Software-defined data centers represent a major shift in the way IT professionals think about their data centers. Not that long ago, legacy data centers relied mostly on hardware, and vendors focused on creating individual parts for each customer, requiring a lot of proprietary hardware to manage myriad devices. Hardware products were relatively inflexible, and the software that made the hardware flexible and adaptable played a supporting role at best.
SDDCs, on the other hand, present a software-centric solution, managed by policies, that avoids many of the downsides of legacy data centers without losing sight of the hardware that is crucial for the system to run. Most hardware within SDDCs looks quite different from hardware in traditional environments as it is often commodity. If a SDDC contains any proprietary hardware, the software leverages it to carry out important functions. In the world of hyperconvergence, this kind of hardware essentially becomes part of the data center’s standard operations. Because it is identical hardware (and not unique to each device), it scales well as new appliances are added to the data center.
That said, hardware within a SDCC does not always operate as intended; hardware components sometimes have bugs that can only be detected through use. In a hyperconverged environment, the software layer is built with the understanding that hardware can -- and ultimately will -- fail. The software-based architecture and policies are designed to anticipate and handle any hardware failures that take place.
Having fail safes built into software is not enough of a reason, however, to neglect thorough testing of each piece of hardware to ensure that it meets quality specifications before it is deployed. The process requires committing a significant amount of technical expertise, time, and infrastructure, but it's an absolutely necessary process that can lead to the discovery of “unexpected behavior,” or a mistake or bug that would greatly impact an organization’s entire data center.
Mistakes do happen. For example, a disk controller could accidentally throw bits into the trash without ever writing them to the storage media. That’s an accident. But if the engineering team is testing disk controllers and runs into this “unexpected behavior,” that’s not an accident. An engineering team can identify problems before they transform into a disaster if they commit to implementing a comprehensive platform test phase.

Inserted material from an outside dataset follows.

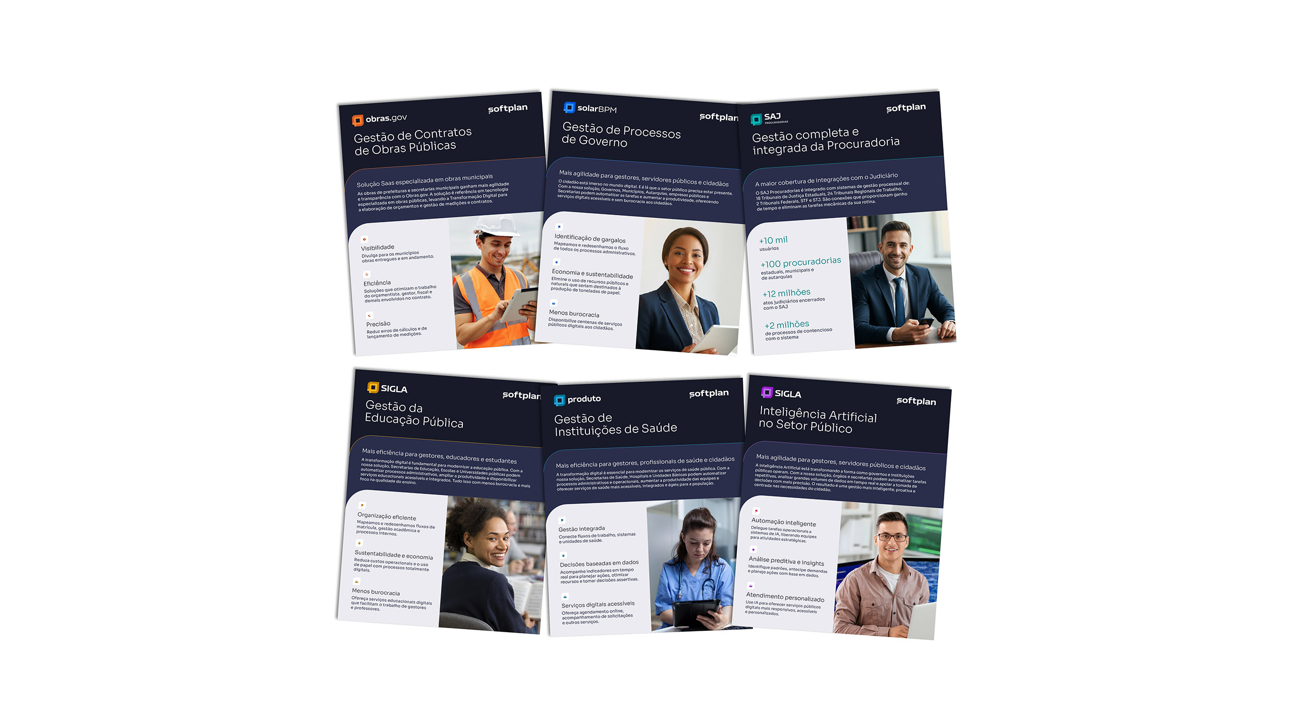 Cada vertical da marca Softplan é composta por diversos produtos, unidos pelo mesmo isotipo. Siga as diretrizes ao lado para a construção destas marcas. Cada vertical possui cores proprietárias que devem ser seguidas nestes desdobramentos.

In addition to preventing problems before they happen, it's important to understand the various ways hardware might fail in order to program the software level appropriately. It may not always be clear at the application layer that the hardware was the cause of an issue because it is challenging to root cause this class of issue after the fact. If a virtual machine will not boot, it's important to figure out where the problem originated. It could originate from the guest file system, the guest drivers, the hypervisor, the storage system, the drive controller, the HDD, the SSD, etc. Without proper guidance, the software layer cannot perform its failsafe duties.
While it may sound disconcerting to most that hardware defects are extremely common, IT professionals know that they're not a matter of if but of when. But by implementing a comprehensive hardware QA program, larger problems can be avoided, and software can be taught to handle problems smarter as they arise. This is why testing is not optional; it's a requirement within any data center.